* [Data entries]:
==*==

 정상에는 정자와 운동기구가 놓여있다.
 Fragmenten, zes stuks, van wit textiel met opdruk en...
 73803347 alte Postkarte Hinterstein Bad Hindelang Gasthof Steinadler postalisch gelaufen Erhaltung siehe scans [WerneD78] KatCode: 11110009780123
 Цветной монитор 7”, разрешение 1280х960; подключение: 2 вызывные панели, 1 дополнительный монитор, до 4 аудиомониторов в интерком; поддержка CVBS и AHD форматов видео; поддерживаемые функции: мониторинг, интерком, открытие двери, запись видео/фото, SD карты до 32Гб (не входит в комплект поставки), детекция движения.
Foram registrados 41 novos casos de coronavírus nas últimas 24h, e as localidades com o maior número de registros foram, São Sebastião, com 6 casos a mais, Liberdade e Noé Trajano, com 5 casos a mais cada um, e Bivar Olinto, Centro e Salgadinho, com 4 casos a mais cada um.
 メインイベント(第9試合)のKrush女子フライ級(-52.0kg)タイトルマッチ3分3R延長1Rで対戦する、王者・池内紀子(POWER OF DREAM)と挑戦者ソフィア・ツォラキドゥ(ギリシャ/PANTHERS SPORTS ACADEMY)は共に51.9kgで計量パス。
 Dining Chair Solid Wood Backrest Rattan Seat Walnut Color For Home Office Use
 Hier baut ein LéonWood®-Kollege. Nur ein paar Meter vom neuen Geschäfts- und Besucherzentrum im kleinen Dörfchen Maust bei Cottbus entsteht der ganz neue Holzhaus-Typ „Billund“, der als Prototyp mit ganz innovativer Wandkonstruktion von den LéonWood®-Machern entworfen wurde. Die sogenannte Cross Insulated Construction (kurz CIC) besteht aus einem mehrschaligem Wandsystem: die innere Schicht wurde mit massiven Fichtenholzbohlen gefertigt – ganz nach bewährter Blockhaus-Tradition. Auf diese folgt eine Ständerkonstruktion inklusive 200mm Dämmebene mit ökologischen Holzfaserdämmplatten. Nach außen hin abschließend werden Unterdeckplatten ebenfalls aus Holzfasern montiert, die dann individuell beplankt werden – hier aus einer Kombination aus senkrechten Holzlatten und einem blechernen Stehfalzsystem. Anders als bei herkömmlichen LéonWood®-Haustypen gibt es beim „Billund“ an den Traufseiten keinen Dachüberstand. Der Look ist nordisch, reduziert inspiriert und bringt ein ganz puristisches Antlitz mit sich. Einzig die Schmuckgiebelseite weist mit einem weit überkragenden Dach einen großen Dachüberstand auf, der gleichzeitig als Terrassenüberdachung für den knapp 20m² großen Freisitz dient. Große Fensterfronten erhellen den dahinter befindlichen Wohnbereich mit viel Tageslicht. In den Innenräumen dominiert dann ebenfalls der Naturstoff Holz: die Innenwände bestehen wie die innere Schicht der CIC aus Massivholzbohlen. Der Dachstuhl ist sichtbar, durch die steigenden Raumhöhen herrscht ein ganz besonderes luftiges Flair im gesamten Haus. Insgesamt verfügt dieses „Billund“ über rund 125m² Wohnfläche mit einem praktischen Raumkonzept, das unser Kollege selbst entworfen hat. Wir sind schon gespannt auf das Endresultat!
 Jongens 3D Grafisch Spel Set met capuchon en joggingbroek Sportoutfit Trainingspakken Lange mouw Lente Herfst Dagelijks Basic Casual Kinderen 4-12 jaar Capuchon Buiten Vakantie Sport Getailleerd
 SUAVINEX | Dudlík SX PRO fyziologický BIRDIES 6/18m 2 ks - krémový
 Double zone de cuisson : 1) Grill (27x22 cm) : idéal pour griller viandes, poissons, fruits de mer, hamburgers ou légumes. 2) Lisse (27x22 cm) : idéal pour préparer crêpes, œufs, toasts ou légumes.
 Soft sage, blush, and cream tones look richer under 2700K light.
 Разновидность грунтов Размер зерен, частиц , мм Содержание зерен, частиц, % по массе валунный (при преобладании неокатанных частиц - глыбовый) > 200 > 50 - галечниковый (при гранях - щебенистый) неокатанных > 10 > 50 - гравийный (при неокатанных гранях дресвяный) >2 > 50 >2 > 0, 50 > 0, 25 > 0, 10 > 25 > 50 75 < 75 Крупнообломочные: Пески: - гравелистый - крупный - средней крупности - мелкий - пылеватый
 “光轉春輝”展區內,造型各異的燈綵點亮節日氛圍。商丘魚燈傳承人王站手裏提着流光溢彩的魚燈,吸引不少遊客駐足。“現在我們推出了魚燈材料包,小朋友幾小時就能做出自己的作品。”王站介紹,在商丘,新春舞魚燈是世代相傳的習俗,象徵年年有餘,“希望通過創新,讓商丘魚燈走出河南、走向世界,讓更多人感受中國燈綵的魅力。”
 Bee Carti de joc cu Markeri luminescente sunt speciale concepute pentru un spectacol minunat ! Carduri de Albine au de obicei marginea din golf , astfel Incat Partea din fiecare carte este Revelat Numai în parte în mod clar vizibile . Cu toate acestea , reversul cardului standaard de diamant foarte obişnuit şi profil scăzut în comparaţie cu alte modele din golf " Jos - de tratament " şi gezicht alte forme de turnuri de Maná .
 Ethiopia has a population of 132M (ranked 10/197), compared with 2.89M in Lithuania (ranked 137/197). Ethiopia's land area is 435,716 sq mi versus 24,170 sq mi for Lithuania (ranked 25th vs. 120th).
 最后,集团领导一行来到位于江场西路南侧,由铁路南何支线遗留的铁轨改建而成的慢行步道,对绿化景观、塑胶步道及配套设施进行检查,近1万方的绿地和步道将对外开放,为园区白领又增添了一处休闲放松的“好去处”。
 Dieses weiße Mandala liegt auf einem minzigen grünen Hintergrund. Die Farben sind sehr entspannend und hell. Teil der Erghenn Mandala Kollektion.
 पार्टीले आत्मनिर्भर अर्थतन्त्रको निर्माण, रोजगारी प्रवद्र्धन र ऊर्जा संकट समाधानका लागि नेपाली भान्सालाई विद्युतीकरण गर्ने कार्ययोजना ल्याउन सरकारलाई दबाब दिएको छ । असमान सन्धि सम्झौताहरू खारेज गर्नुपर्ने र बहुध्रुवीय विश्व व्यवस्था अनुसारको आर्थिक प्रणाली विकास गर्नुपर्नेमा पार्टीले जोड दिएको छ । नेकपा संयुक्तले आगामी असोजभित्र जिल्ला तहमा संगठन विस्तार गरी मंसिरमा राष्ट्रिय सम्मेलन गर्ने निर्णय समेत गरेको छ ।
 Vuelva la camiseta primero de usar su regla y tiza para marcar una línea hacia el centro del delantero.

==*==

* [About this exercise]: One inclusive range is required: first line of the data through the line containing "73803347 alte Postkarte". Set it down exactly and output nothing else.

* [Result of this task]:
 정상에는 정자와 운동기구가 놓여있다.
 Fragmenten, zes stuks, van wit textiel met opdruk en...
 73803347 alte Postkarte Hinterstein Bad Hindelang Gasthof Steinadler postalisch gelaufen Erhaltung siehe scans [WerneD78] KatCode: 11110009780123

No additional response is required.